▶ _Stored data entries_
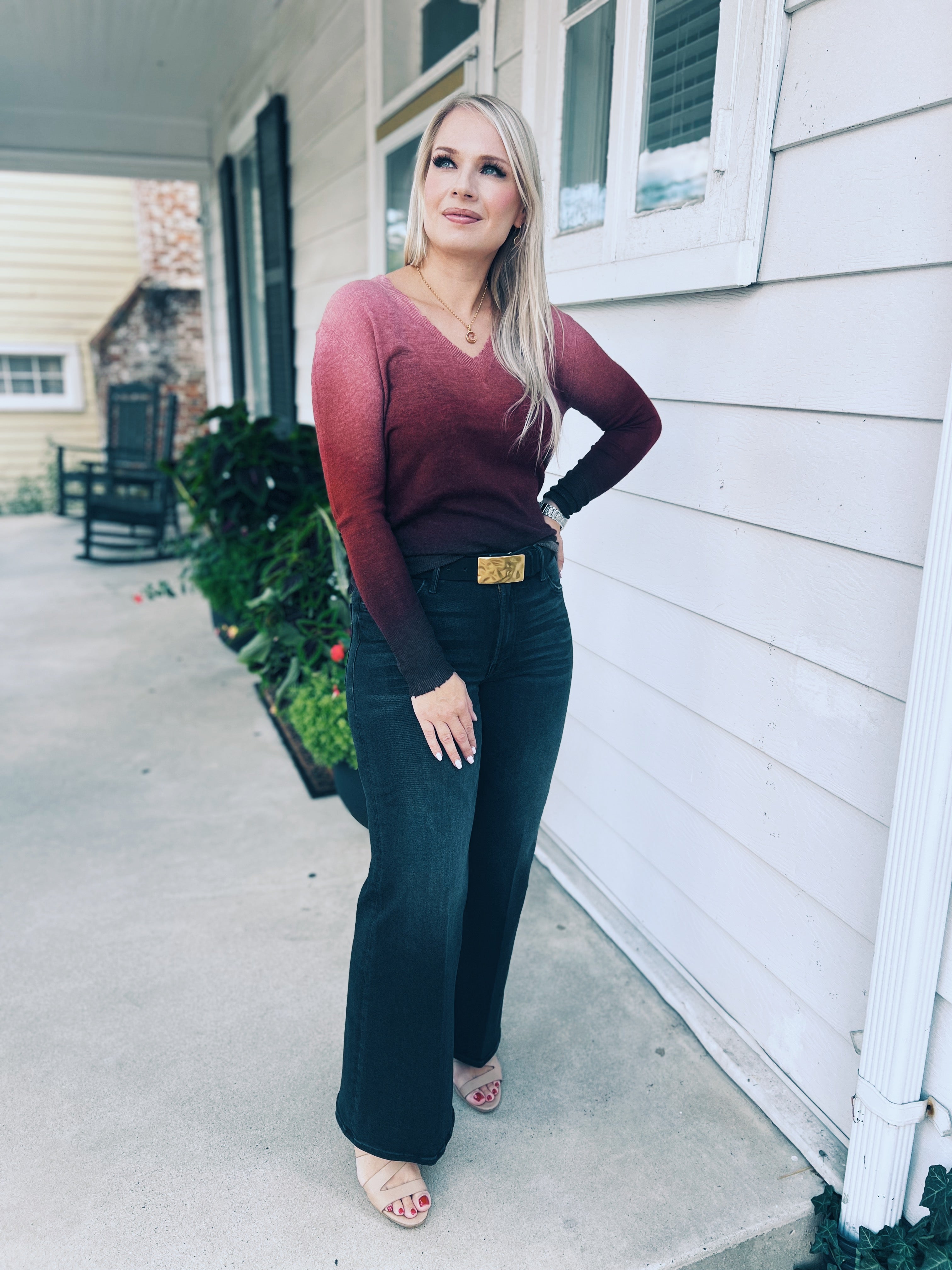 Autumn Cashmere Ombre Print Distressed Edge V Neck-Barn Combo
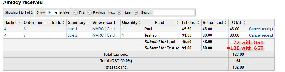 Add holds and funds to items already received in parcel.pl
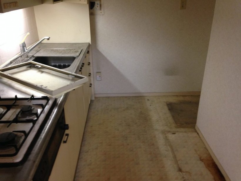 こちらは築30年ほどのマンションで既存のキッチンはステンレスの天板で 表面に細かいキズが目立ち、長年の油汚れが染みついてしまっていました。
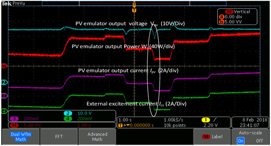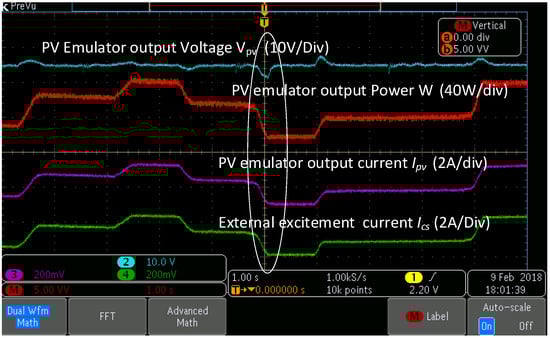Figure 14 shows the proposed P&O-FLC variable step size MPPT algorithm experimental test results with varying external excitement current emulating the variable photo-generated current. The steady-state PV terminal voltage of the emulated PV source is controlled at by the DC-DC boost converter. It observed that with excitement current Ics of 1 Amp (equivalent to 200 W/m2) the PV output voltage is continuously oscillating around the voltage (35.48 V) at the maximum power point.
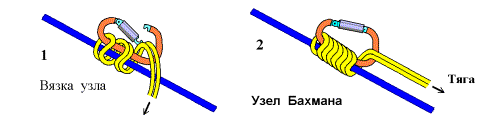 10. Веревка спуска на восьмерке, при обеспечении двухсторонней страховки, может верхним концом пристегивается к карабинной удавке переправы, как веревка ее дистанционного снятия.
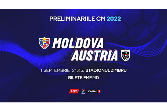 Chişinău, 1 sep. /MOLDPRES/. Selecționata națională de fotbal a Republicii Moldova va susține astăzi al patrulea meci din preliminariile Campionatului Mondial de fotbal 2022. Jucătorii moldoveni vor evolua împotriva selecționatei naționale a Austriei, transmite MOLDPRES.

▶ _About this task_
Return every entry word for word, but drop any pictures.

▶ _Your response_
 Autumn Cashmere Ombre Print Distressed Edge V Neck-Barn Combo
 Add holds and funds to items already received in parcel.pl
 こちらは築30年ほどのマンションで既存のキッチンはステンレスの天板で 表面に細かいキズが目立ち、長年の油汚れが染みついてしまっていました。
Figure 14 shows the proposed P&O-FLC variable step size MPPT algorithm experimental test results with varying external excitement current emulating the variable photo-generated current. The steady-state PV terminal voltage of the emulated PV source is controlled at by the DC-DC boost converter. It observed that with excitement current Ics of 1 Amp (equivalent to 200 W/m2) the PV output voltage is continuously oscillating around the voltage (35.48 V) at the maximum power point.
 10. Веревка спуска на восьмерке, при обеспечении двухсторонней страховки, может верхним концом пристегивается к карабинной удавке переправы, как веревка ее дистанционного снятия.
 Chişinău, 1 sep. /MOLDPRES/. Selecționata națională de fotbal a Republicii Moldova va susține astăzi al patrulea meci din preliminariile Campionatului Mondial de fotbal 2022. Jucătorii moldoveni vor evolua împotriva selecționatei naționale a Austriei, transmite MOLDPRES.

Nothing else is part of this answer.